Resin Tray Redesign?

I’m presenting this as a suggestion to FL for research, rather than directly to the users to try themselves. I always feel a little guilty doing the latter because I know Formlabs isn’t very “open source” about hacks and user-based improvements, so I’m giving you the right of first refusal, I guess. :slight_smile:

I read user forums about several different resin printers and it seems this is emerging as a thing:

Non-Stick Film for Resin Printers

I can’t imagine it would be rocket science for Formlabs to eschew the PDMS of the resin tray and add this foil instead, doing one of two things:

  1. Installing thicker clear acrylic to equal the height of the original PDMS print surface, or
  2. keep the same acrylic and use the tray chip to tell the Form printer to lower the buildplate more than for a PDMS tray.

My first thought was to just slap the film onto the PDMS of an existing tray, but isn’t the point of silicone that nothing sticks to it? If the softness of the silicone is needed to provide wiggle room for the print process, there are optically-clear urethane rubbers, to which the foil (and anything else not nailed down) would surely bind. Certainly any discrepancies of refraction index in all these alternatives can’t be fatal over a distance of 1 - 2 mm?
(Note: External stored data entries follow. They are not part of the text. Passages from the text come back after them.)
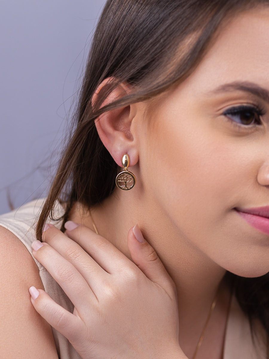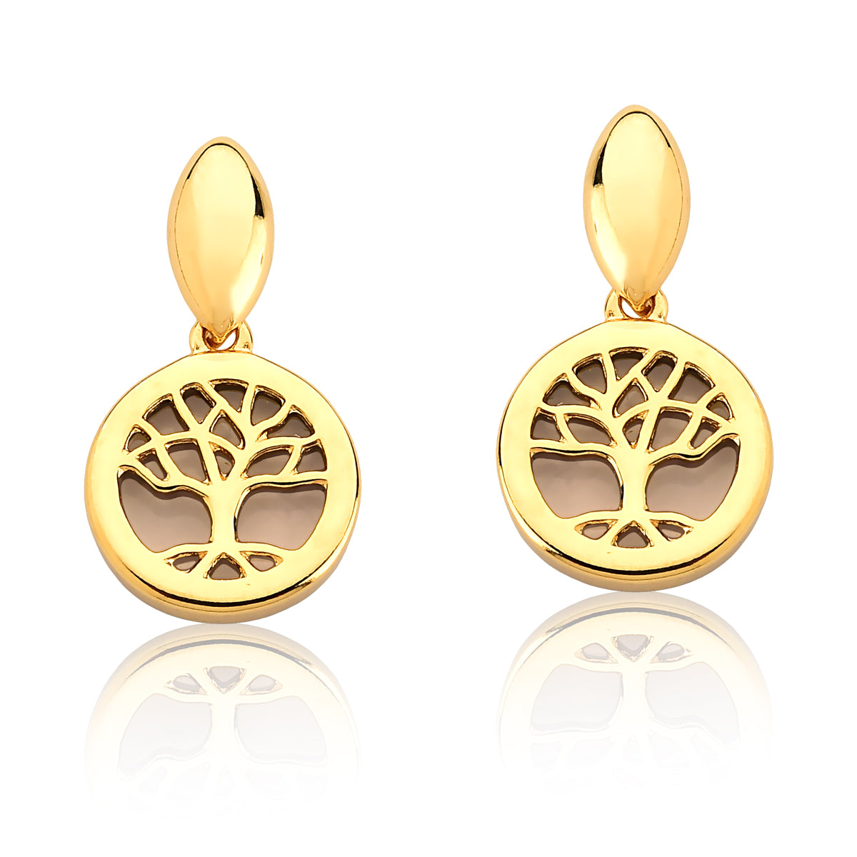 Tree of Life Drop Earrings in Smoke Obsidian Natural Gemstone | Gold Plated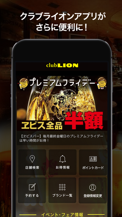 club LION アプリが登場しました! イベント情報や最新情報をはじめ、ブランド毎のメニューやクーポンなどのコンテンツも充実しています。是非ダウンロードしてみてください。 ●ポイントカード アプリとclub LIONCARDが1つになりました! お会計の際にポイントカードを提示するとポイントを貯めることができます。 日々のご来店をより便利にします。 ●ブランド一覧 アプリに掲載されているブランドが一覧で確認できます。 ●最新情報 イベント情報やニュースリリースなど、最新情報をアプリでお届けします。 ●クーポン 店舗で使えるお得なクーポンをお届けします。 (クーポンが配信されない期間もございます) ●店舗検索 現在地から近くの店舗をご案内します。 ブランド毎に店舗を検索することもできます。 ●予約機能(一部店舗) 店舗検索からお店を予約することができます。 【プッシュ通知について】 お得な情報をプッシュ通知でお知らせします。アプリの初回起動時にプッシュ通知を「ON」に設定するようお願いします。なお、オン・オフの設定は後から変更もできます。 【位置情報の取得について】 近くのショップを探す目的、その他の情報配信の目的で位置情報取得の許可をアプリからさせて頂く場合がございます。 位置情報は個人情報とは一切関連するものではなく、また本アプリ以外での利用は一切行いませんので安心してご利用ください。 【著作権について】 本アプリに記載されている内容の著作権は株式会社サッポロライオンに帰属し、いかなる目的であれ無断での複製、引用、転送、頒布、改編、修正、追加など一切の行為を禁止いたします。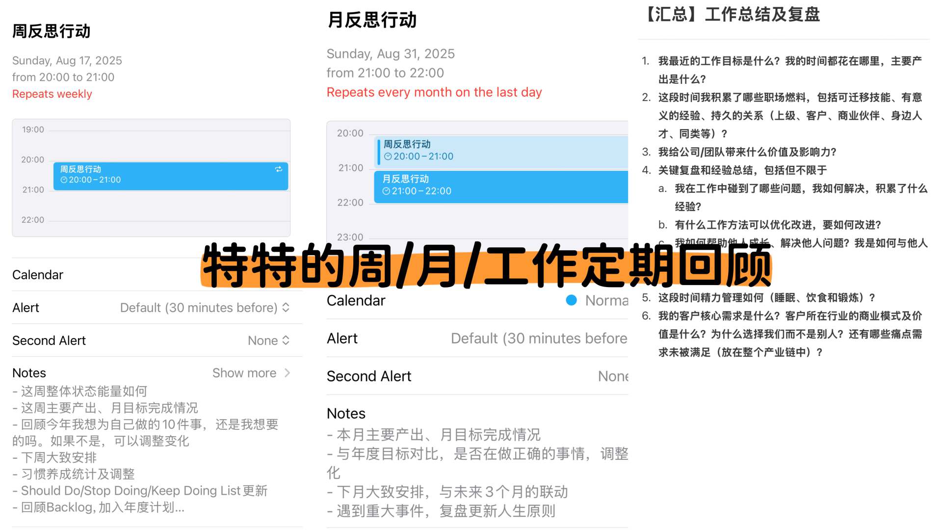 - 节目里白白说放Shownotes的【特特的周/月/工作定期回顾】示意图,见笑啦~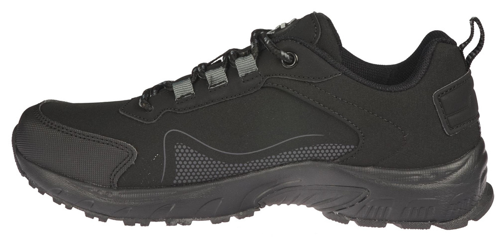 Model ten charakteryzuje się eleganckim wyglądem, który doskonale łączy funkcjonalność z nowoczesnym designem. Czarny kolor butów w połączeniu z gumowymi wstawkami i subtelnymi szarymi kropkami tworzy dynamiczny, ale uniwersalny styl, który łatwo dopasować do różnych stylizacji. Buty te doskonale sprawdzą się nie tylko podczas pieszych wycieczek w góry, ale także w codziennym użytkowaniu, zarówno w szkole, jak i na spacerach po mieście.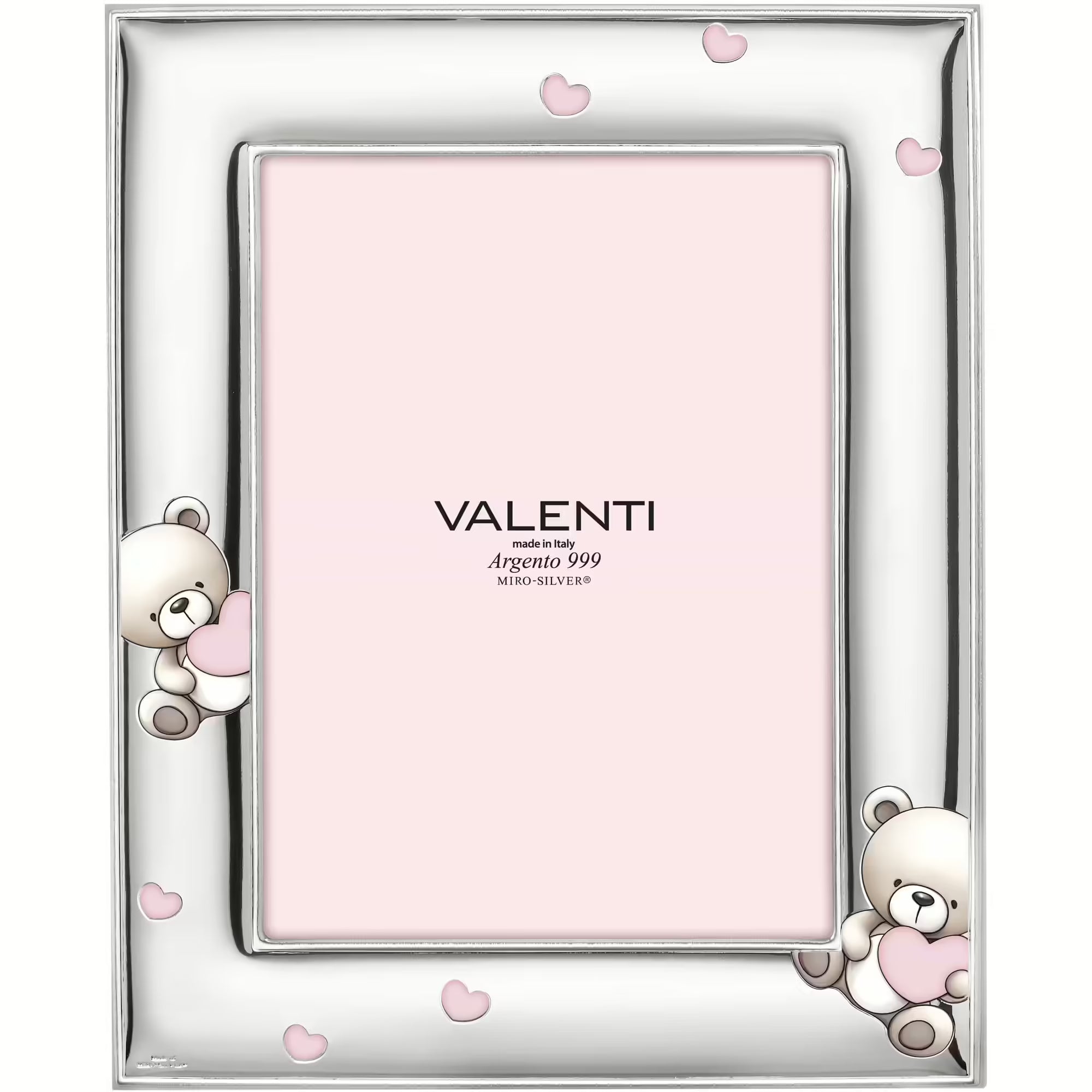 Cornice Portafoto Orsetto con Cuori della collezione baby di Valenti, realizzata in Argento Miro Silver, con dettagli in rilievo e retro in legno.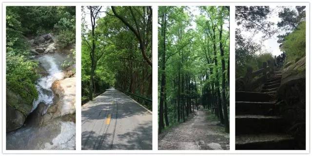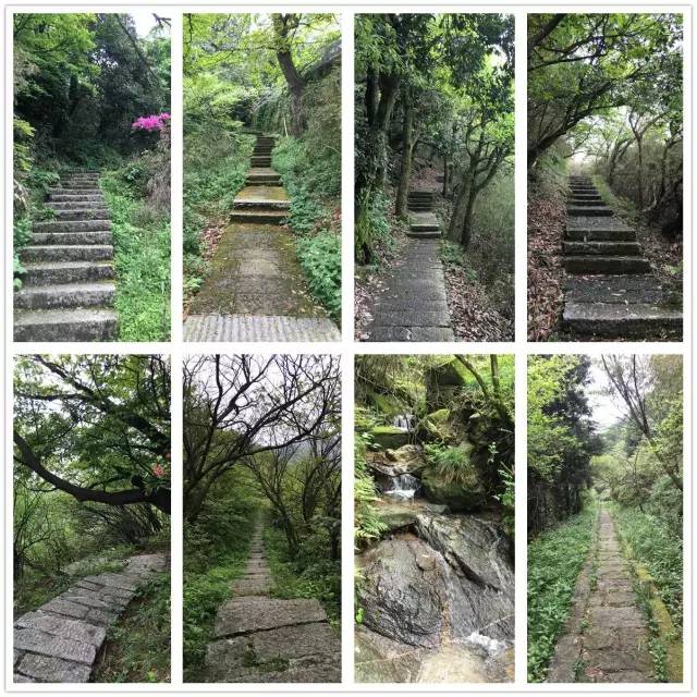 石板路上布满青苔,满满的年代感,路两旁的树遮天蔽日,一片绿油油之中,不时参杂着映山红,花开得娇艳夺目。每走一小段距离,就能看到有山涧潺潺流过,还能不时听到山间哗哗的瀑布声。风声水声伴着不曾间断的各种鸟叫声,宛如一曲大自然的绝美演奏。山间的雾还没散尽,朦脓之间,景色美得让人感觉不真实。神话故事里,这种情形下常会出现猛虎蟒蛇挡道。我在背包里翻出随时携带的瑞士军刀,在路旁锯了一根竹子,既能当登山杖,又能开山劈岭、斩妖除魔。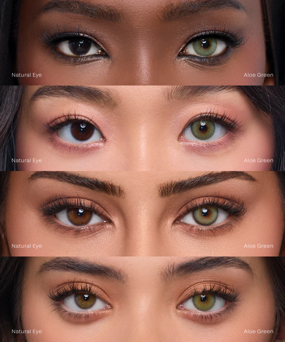 Our Aloe Green three-tone lenses feature a vivid green layer, flecks of amber and a distinct darker limbal ring for that sexy, sultry gaze.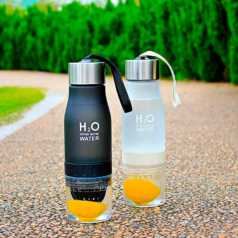 Пляшка для води та напоїв H2O Water Bottle з соковижималкою однозначно виділяється на тлі інших пляшок саморобного лимонаду. Як і всі інші спортивні професійні пляшки для води, H2O Water Bottle виготовлена з ЕКО-пластику високої якості. Ця пляшка легка, стильна, практична і, що важливо, прослужить Вам досить довго.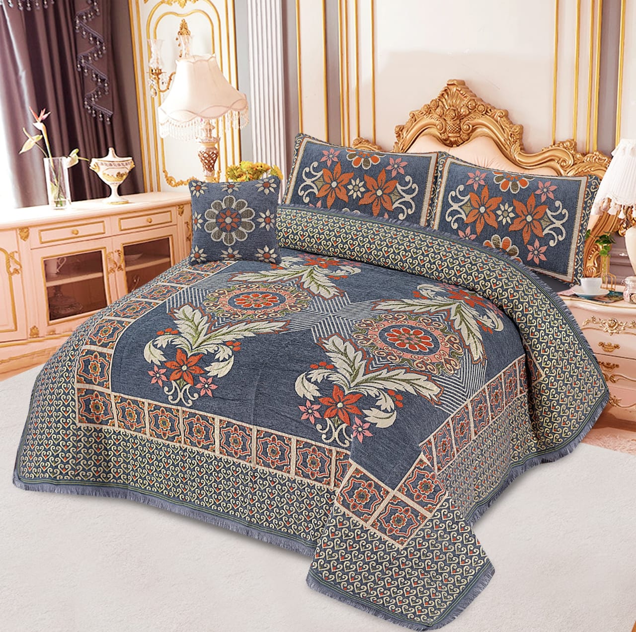 JACQUARD LUXURY LIGHT BLUE BEDSHEET SET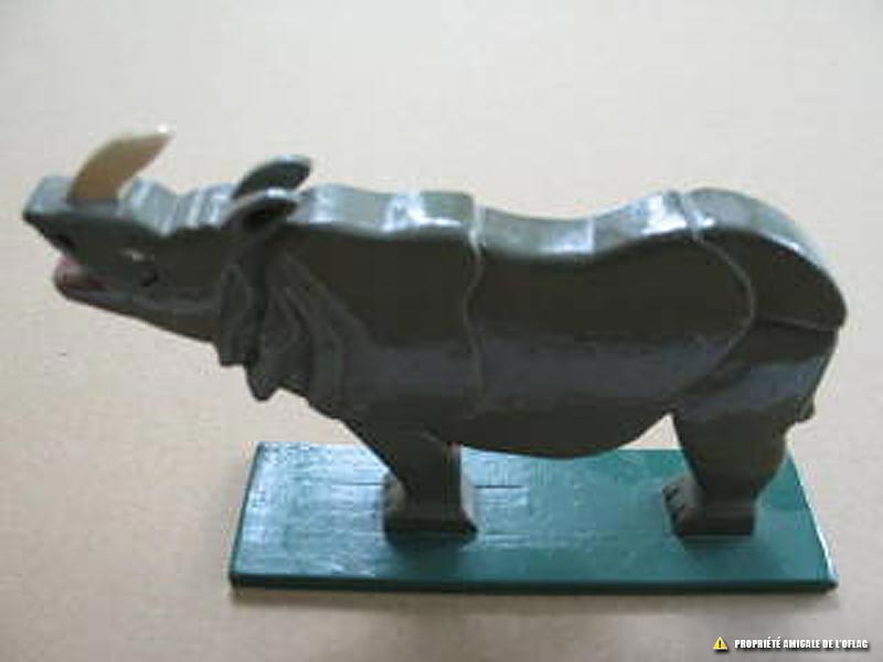 Jouet Rhinocéros, fait partie d'une collection d'animaux jouets fabriqués par un officier prisonnier de l'Oflag IIB-IID pour son fils, à l'occasion d'une des cinq fêtes de Noël passé très loin de sa famille.
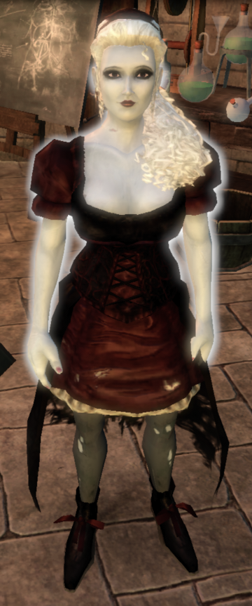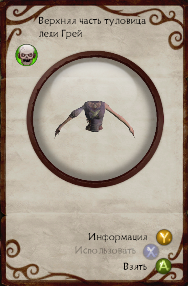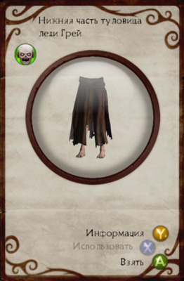 По его словам, леди Грей была мэром Глушвилля в "жуткие, варварские времена", а недоброжелатели "не видели ее истинной красоты". После этого Виктор посылает за верхней частью туловища в могилу Дваклинка (Два-Ножа) в Призрачных топях.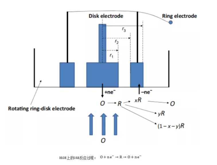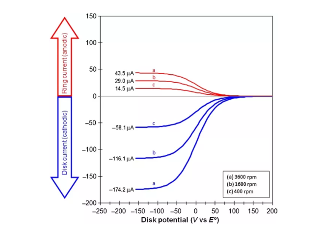在質(zhì)子交換膜燃料電池(PEMFC)中,陰極的ORR通常都是通過電催化來實現(xiàn)的。當ORR反應通過貴金屬或非貴金屬催化劑進行電催化時,都會產(chǎn)生副產(chǎn)物或中間產(chǎn)物,如過氧化氫。為了檢測過氧化物的產(chǎn)生量,可以通過RRDE收集實驗來探測電催化劑產(chǎn)生過氧化物的趨勢。在雙恒電位儀上測量圓盤電極極化曲線的同時,將環(huán)電壓設置為恒電位,控制圓環(huán)電極在固定的極化電勢,用以檢測圓盤電極上產(chǎn)生的反應中間物產(chǎn)率。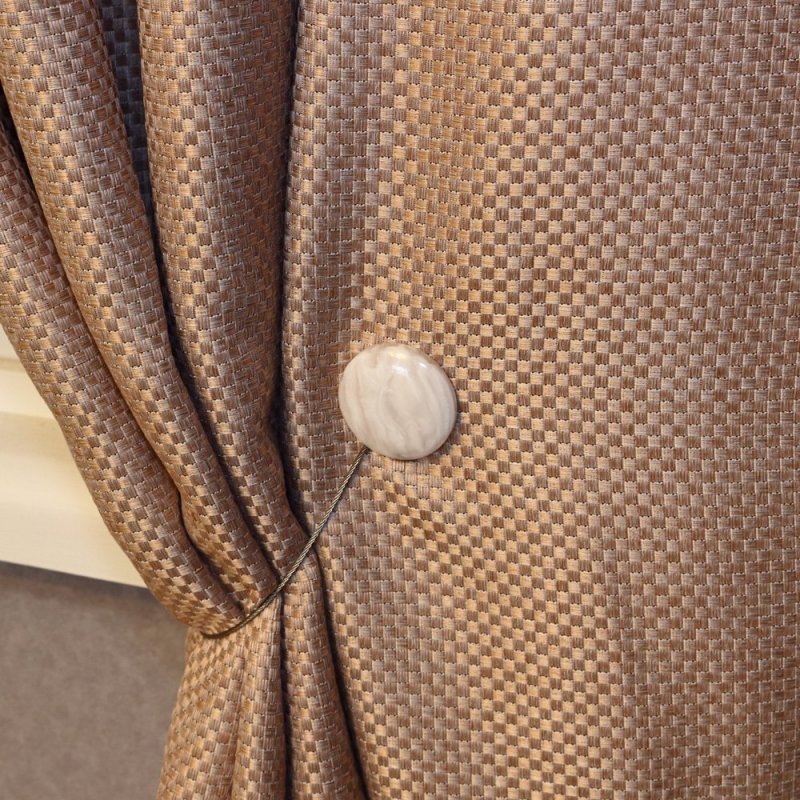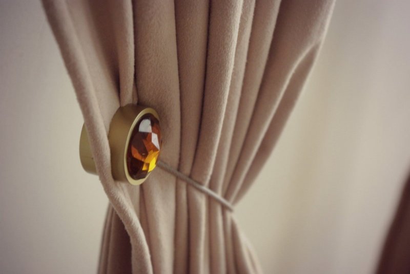 Шторные аксессуары на магнитах – лучший вариант закрепления легкой ткани. Магнитики здесь оформляются по-разному – полудрагоценные камушки разного колера, пластиковые «смайлики», ромбики, квадратики, цветочки, фигурки животных. Они крепятся на кончики широких лент, витых шнурков, обтягиваются тканью, украшаются стразами, бисером и др.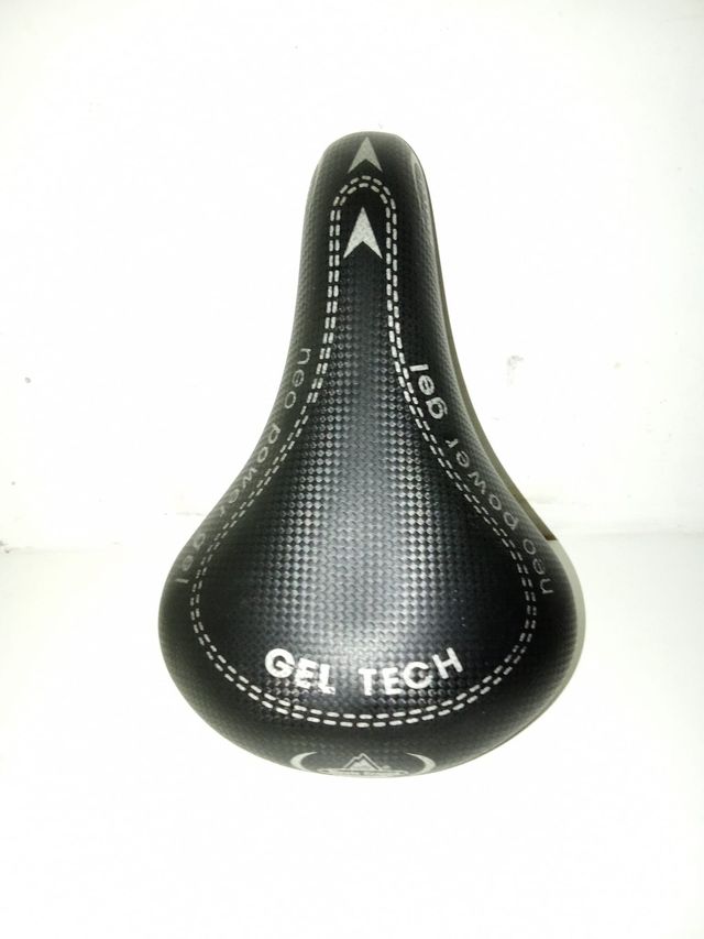 Sella per bicicletta con tecnologia Gel Tech e imbottitura ammortizzata. - Design con cuciture a contrasto. - Superficie con texture a rombi.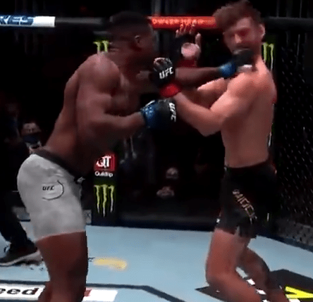 Ngannou then landed a lunging jab that knocked Stipe down. Although the Champ stood up right away, he still looked hurt.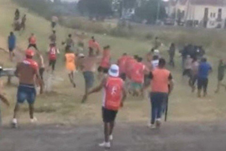 Ante esta situación, un grupo de la barra del "Rojo" que se trasladaba en la micro hacia el estadio decidió bajarse y correr a los piqueteros. Lo que generó un enfrentamiento en donde se revolearon piedras, palos, botellas y demás elementos contundentes.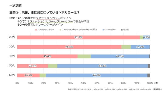 20代では90%以上、30代では80%近くがファッションカラーと回答。40代では、ファッションカラーとグレーカラーの両方と回答する人の割合が増え、ファッションカラーとグレーカラーのみの割合も拮抗。一方、50代、60代では70%前後がグレーカラーとの回答が得られました。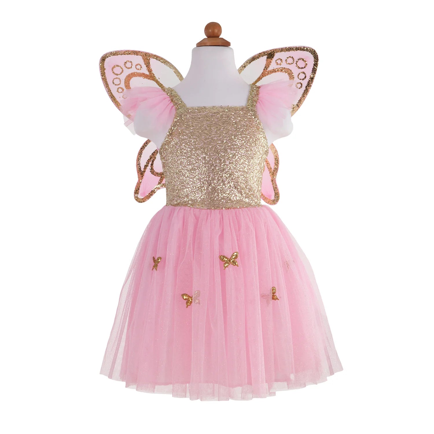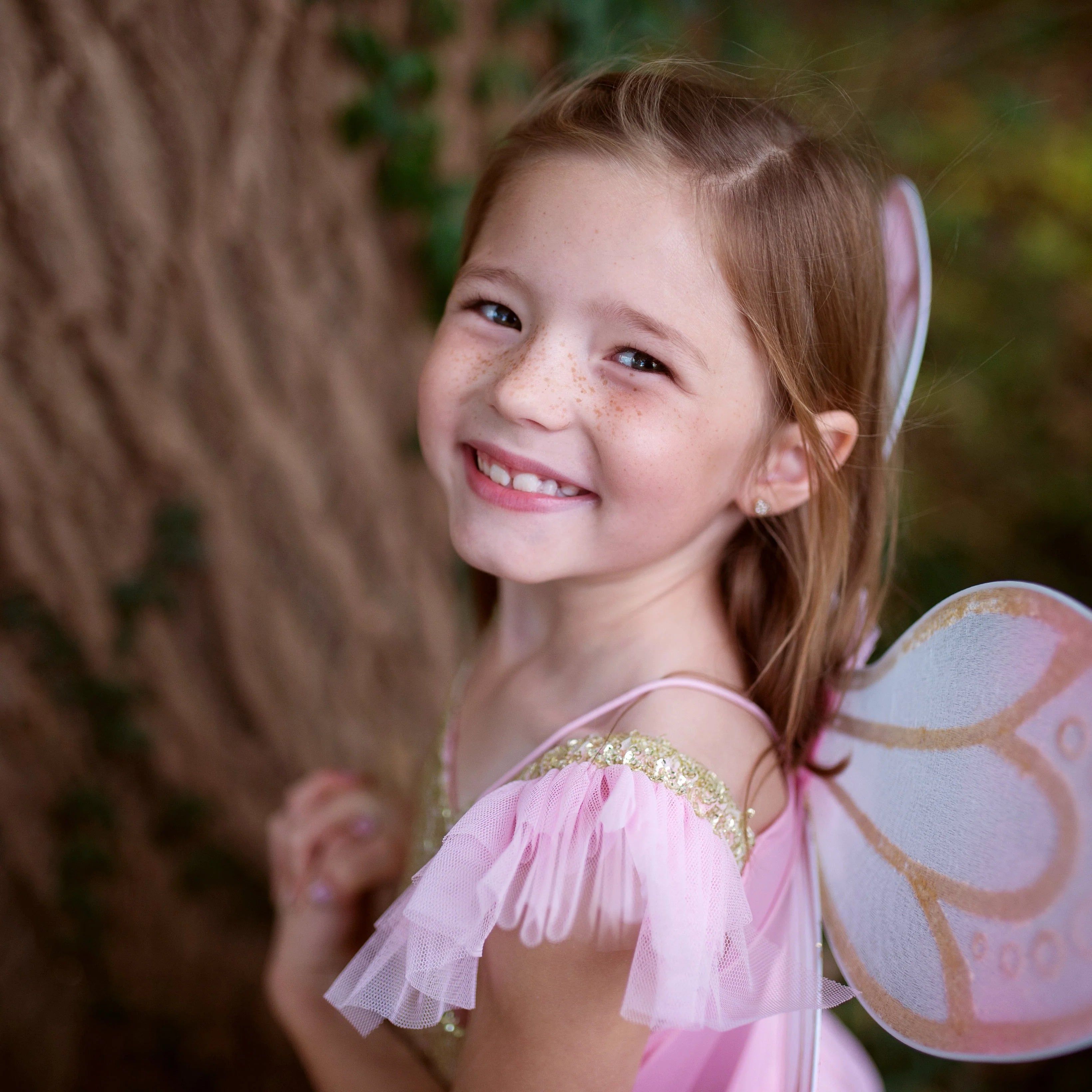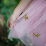 בחירת שמלה שהיא גם אופנתית וגם יכולה להיות עבור הנסיכה הקטנה שלך. שמלת הפרפרית שלנו בשמלה ורודה נוצצת זו. טול ורוד רך מתכנס לחצאית מלאה ופוגש חלק עליון מפאייטים מדהים עם הדגשות שרוולי טול. בשילוב עם כנפיים מודפסות באבק זהוב מנצנץ, שילוב שמלת שני חלקים מרהיבה.

I do plan to explore these options someday, but I thought maybe it’s in FL’s interests to pursue them under their own auspices, so they, rather than some meddling user, could be the leading-edge heroes! :wink:


I tried to use a FEP film layer available from B9 creator and had some success but in the end no success, the resin stuck midway through the print to the film and all was over.
I placed the thin film down to a new tray and it sticks very nice to the silicone, I then I sealed the inside perimeter with a rolled length modeling clay to keep resin from getting in around the edges.
Seems crude I know but looked really promising until about layer 220 and I think the power of the laser burns the resin to the surface and it stuck, I think a projector type printer with the FEP layer works better. test over.
I went back and decided it is not worth fighting the PDMS layer that works well, See my post “Glass bottom tray Form 2”. Bottom line $12.00 for a new tray is not bad for the amount of printing you will get.
For me a fresh tray is minimal amount certainly compared to the resin. I recently printed some handles for some cookware and the handles I could have hollowed out and printed but I
printed them solid with some fairly thick sections and they came out great, normally if you were over concerned about tray life you would hollow parts like that out but 5 to 6 handles
for $12.00 not a bad deal, I find myself much less hesitant to “burn” trough a tray on a job to job basis.